Под самой первопрестольной карету пытались ограбить. Демидов сплоховал, замешкался чуток, а Строганов извлёк два двуствольных пистолета, всыпал порох на полку и выскочил наружу. Там бородинский ветеран, не долго думая, дважды спустил курок, без разговоров застрелив двух налётчиков с ружьями. Разряженный пистолет кинул Гришке, а сам заорал на лихих людей:

— А ну убрать бревно с дороги! Живо! Не то в каждом дырок наколочу!

С другой стороны грянул одиночный выстрел. И Демидов убедил кого-то упёртого.

Дивная штука — человеческое стадо.
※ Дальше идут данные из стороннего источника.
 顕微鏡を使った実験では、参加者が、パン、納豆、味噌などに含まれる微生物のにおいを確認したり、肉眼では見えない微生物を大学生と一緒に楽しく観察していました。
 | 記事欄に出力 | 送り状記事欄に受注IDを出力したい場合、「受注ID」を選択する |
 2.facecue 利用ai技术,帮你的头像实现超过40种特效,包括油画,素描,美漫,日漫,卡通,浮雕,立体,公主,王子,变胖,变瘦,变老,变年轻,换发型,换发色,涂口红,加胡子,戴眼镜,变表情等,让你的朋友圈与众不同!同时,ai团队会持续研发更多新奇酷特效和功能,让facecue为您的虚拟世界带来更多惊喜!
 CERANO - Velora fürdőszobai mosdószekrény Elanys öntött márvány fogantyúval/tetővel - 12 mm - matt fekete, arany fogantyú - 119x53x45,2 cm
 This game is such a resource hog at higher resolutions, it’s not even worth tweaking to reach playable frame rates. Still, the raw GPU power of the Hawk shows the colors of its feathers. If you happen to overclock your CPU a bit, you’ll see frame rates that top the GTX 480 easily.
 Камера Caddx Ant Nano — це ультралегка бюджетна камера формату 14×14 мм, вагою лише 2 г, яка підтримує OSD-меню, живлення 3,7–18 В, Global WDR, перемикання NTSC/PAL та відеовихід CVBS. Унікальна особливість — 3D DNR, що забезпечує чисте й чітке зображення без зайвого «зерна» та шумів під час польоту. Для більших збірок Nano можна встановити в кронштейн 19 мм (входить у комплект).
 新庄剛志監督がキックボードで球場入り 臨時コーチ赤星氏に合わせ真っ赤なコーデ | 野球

Только готовы были наброситься на пятерых путников, распаляясь близью лёгкой добычи. А как отпор встретили — сникли, хоть и осталось разбойников дюжина против пяти. Под пистолетными дулами сосну откатили, приговаривая: «не серчайте, баре, бес попутал». Потом проводили экипаж голодными глазами.
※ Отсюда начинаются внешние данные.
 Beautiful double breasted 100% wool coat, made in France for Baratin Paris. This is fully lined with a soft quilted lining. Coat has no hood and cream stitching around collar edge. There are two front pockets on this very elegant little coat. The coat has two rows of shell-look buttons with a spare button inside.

— По закону положено заявить в отделенье Общего Благочинья, — толстый Демидов отёр нервный пот платком.

— Окститесь, сударь. Мы, документов не имеющие, словно рябчиков постреляли полноправных российских граждан. Тут ста рублями не отделаемся. Я начинаю понимать новую логику, хоть и давно на Родине не был. Лучше другое скажите — вы с Пестелем знакомы?

— Не выпало счастья, хотя заводы демидовские — главные казённые поставщики. Пенька, сукно, парусина, пушки, порох, ядра — всё от нас идёт. Так что причин для знакомства хватает. А вы?

— В юности дружны были и весьма. Потом служба развела. Знаю, он тоже на Бородино отличился изрядно. Интересно, каким ныне стал Павел? Власть меняет людей.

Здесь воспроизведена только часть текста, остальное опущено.